Few people give any thought to the end of the world

Father John A. Kiley
Posted

The end of the world is regularly thought to be a dreadful event. The end-times connote destruction for the universe, condemnation for sinners, even trials for the righteous.

Possibly drawing on the experience of Jerusalem’s being laid waste by the Romans in 70 AD, the New Testament does not spare the reader the lurid details of that catastrophic incident. Jesus himself predicts that even the magnificent temple will be reduced to rubble so that not even one stone will rest upon another stone. The tragic occurrences will be widespread: “Nation will rise against nation, and kingdom against kingdom. There will be powerful earthquakes, famines, and plagues from place to place; and awesome sights and mighty signs will come from the sky.” The end times are not pictured as a happy conclusion to salvation history.

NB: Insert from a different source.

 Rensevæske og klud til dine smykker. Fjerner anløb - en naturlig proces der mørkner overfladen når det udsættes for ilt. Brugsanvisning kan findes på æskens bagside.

Perhaps because of these dire Biblical warnings, the end of the world does not figure very readily into popular Catholic piety. Catholics and many other Christians profess Sunday after Sunday that Jesus Christ “… will come again in glory to judge the living and the dead. …” establishing finally his kingdom of which there will be no end. Yet the prospect of this universal termination, while weekly professed in church, is rarely acknowledged in daily life.

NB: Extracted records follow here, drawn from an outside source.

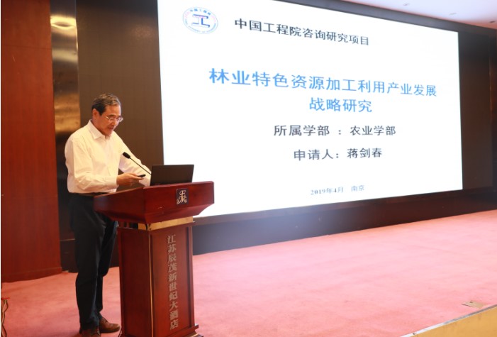 2019年4月19日-21日,由农业学部蒋剑春院士牵头组织的中国工程院咨询研究重点项目“林业特色资源加工利用产业发展战略研究”项目启动会在南京召开。中国工程院院士尹伟伦、陈温福、李德发、宋宝安、曹福亮、陈坚、宋湛谦、蒋剑春,中国工程院二局局长高中琪,国家林业和草原局科技司巡视员厉建祝,中国林科院院长刘世荣、副院长储富祥,江苏省林业局副局长钟伟宏,项目特邀专家国家林业和草原局生态保护修复司司长赵良平教授级高工、南京林业大学副校长勇强教授、云南省科技厅农村科技服务中心主任高波研究员等应邀出席会议。会议由工程院二局农业学部办公室主任黄海涛主持。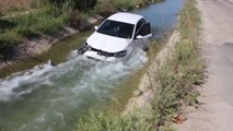 Sulama kanalına devrilen otomobilin sürücüsü kurtarıldı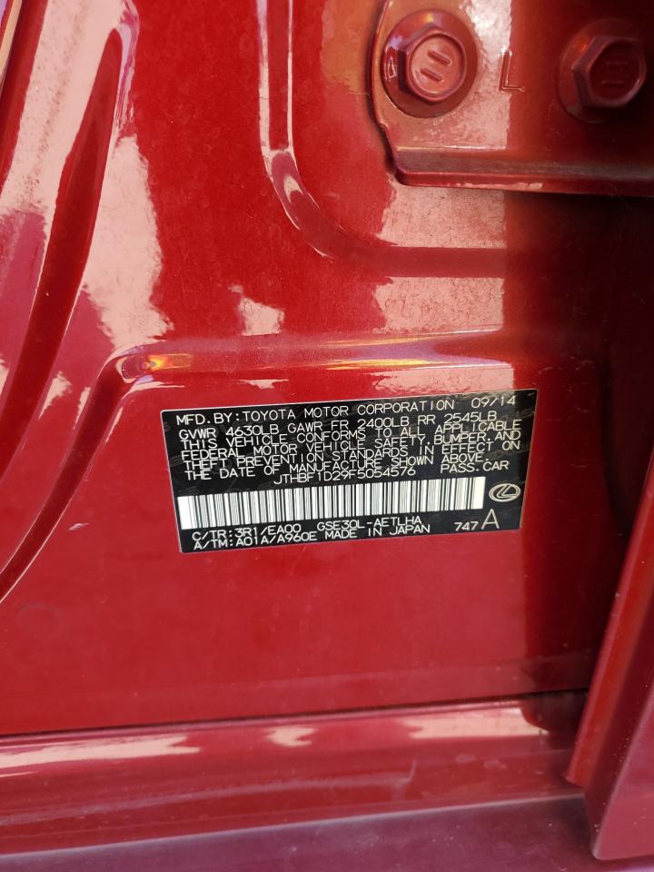 2015 LEXUS IS 250 - JTHBF1D29F5054576, цвет - Красный, 2.5, Бензин, Задний привод из США

There was a certain amount of hubbub as the 20th century passed into the 21st century. Y2K was all the talk, and there had been much commotion as the first Christian millennium prepared to cede to the second Christian millennium in 1100 AD. St. Peter Damian had all of Europe in an uproar. Some sectarian brothers and sisters in the present day await the end-times on remote mountaintops or in secluded wildernesses. But most Catholics, even devout Catholics, rarely give a thought to the second coming of Jesus and to the conclusion of history. Yet the end of the world is a revealed truth that God certainly intended for the edification of believers and not merely for their trepidation. The end of the world promises benefits as well as blame.

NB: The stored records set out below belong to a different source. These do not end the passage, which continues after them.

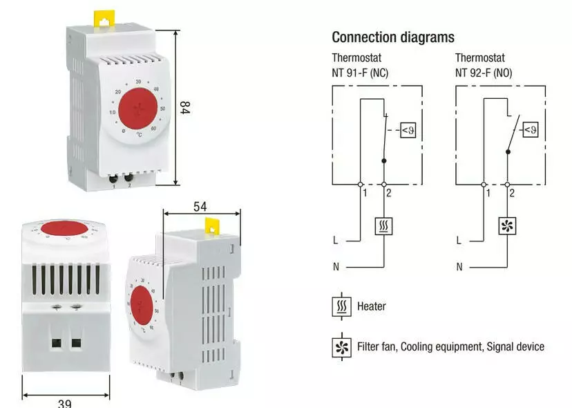 NT 91-F: Термостат (контакт нормально замкнутый); контактный прерыватель для регулирования нагревателей. Контакт размыкается при повышении температуры
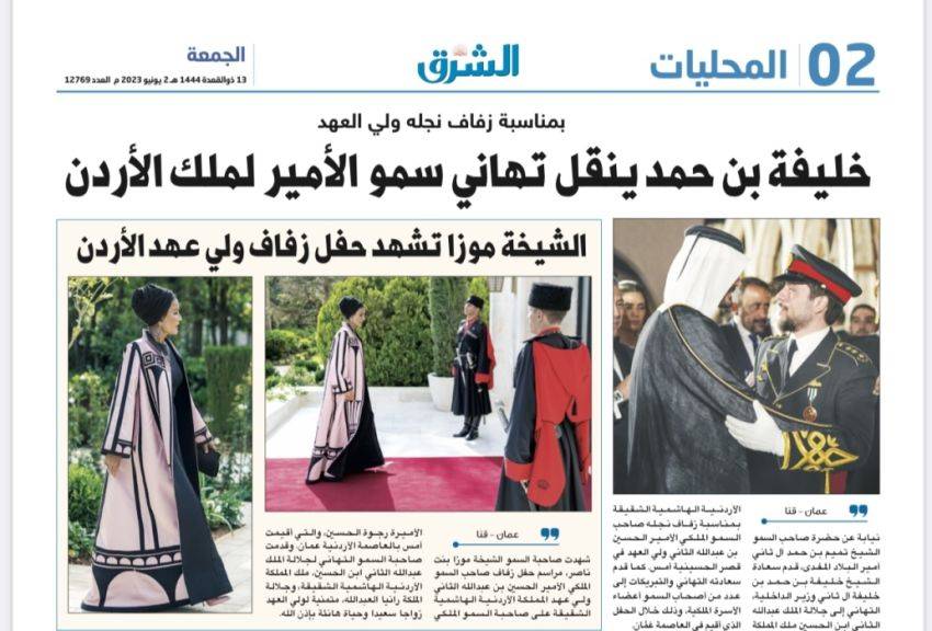 الصحف القطرية تبرز حفل زفاف ولي العهدعلى صدر صفحاتها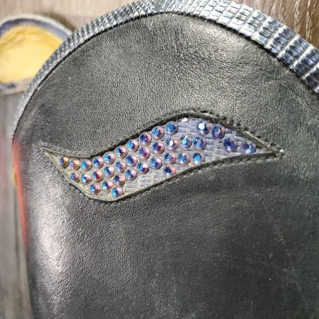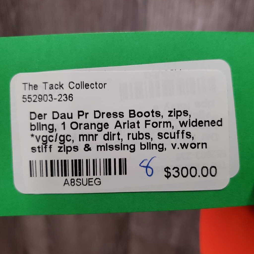 Pr Dress Boots, zips, bling, 1 Orange Ariat Form, widened *vgc/gc, mnr dirt, rubs, scuffs, stiff zips & missing bling, v.worn heels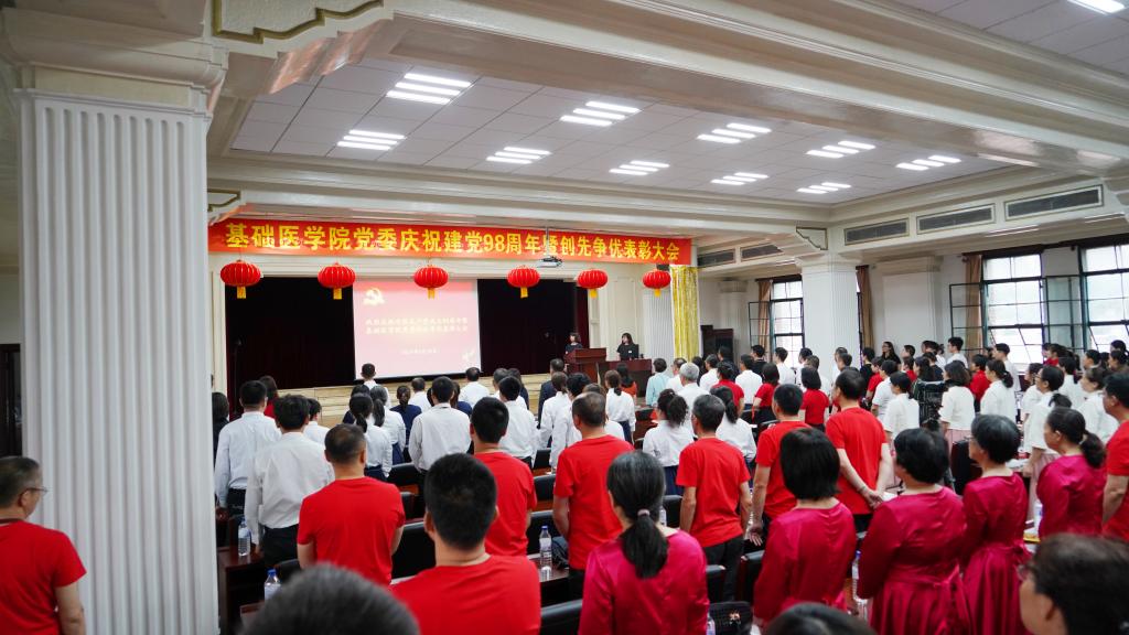最后,学院党委书记郑爽做讲话。郑书记代表学院党委向受到表彰的集体和个人表示祝贺,向学院全体党员致以节日的问候;她讲述了如何在传承发扬中增强责任感和使命感,讲述了党的光辉历程、祖国的繁荣昌盛和历代白医人的奋斗历程以及我们在干事创业中应具备的政治品格和我们的担当担责。同时,郑书记希望学院的全体师生都要以庆祝建党98周年为契机,辛勤工作、愉快生活,跟随新时代,不辞艰辛,执着追求,以更加饱满的工作热情和扎实奋进的工作状态,为学院发展和“双一流”建设做出新的更大的贡献!

The Hebrew Scriptures anticipate the words of the New Testament by their early prediction of the end-times. The prophet Joel writes, “Lo, the day is coming, blazing like an oven, when all the proud and all evildoers will be stubble, and the day that is coming will set them on fire, leaving them neither root nor branch, says the Lord of hosts. But for you who fear my name, there will arise the sun of justice with its healing rays.” It is Joel’s forecast that the “Sun of Justice” will arise on that last day that should peak the reader’s interest. This sun will set all the activities of the previous centuries and millennia in their proper perspective. The justice that was so often lacking on this side of eternity will finally and solemnly be rendered by Christ himself as supreme judge.

The medieval scholastics readily argued that a God who was truth itself could not let history dissolve without setting the record straight on all of human activity. Those who suffered in silence but in faith would be fittingly acknowledged before the assembled heavenly court. Those who sinned grievously and unrepentantly would receive the scorn that their deeds have earned them. Secrets would be laid bare and idle boasts would be exposed as the shams that they were. The justice of God would triumph over the imbalances of history. Indeed the lowly would be raised up and the mighty would be cast down, as the prophetic words of the Virgin Mary visualized the final work of God.

God who is truth must see that justice is done. He will render to each one his due. Remember that self-pity is not the only reason that believers and other people sometimes feel put upon, cheated, or duped in this world. There are some legitimate gripes. Mankind has an innate sense of justice, somewhat flawed due to original sin but nonetheless reflective of the natural law and the moral law which reflect the divine law that is in God himself. This native sense of justice can lead mankind to hope that there will come a day when God, who is justice itself, will heal every wound and reveal all pretense. God will indeed set things straight; he will indeed rectify injustices and eliminate unfair advantages. In the end, justice will triumph and truth will be celebrated before every assembled creature – for weal or woe.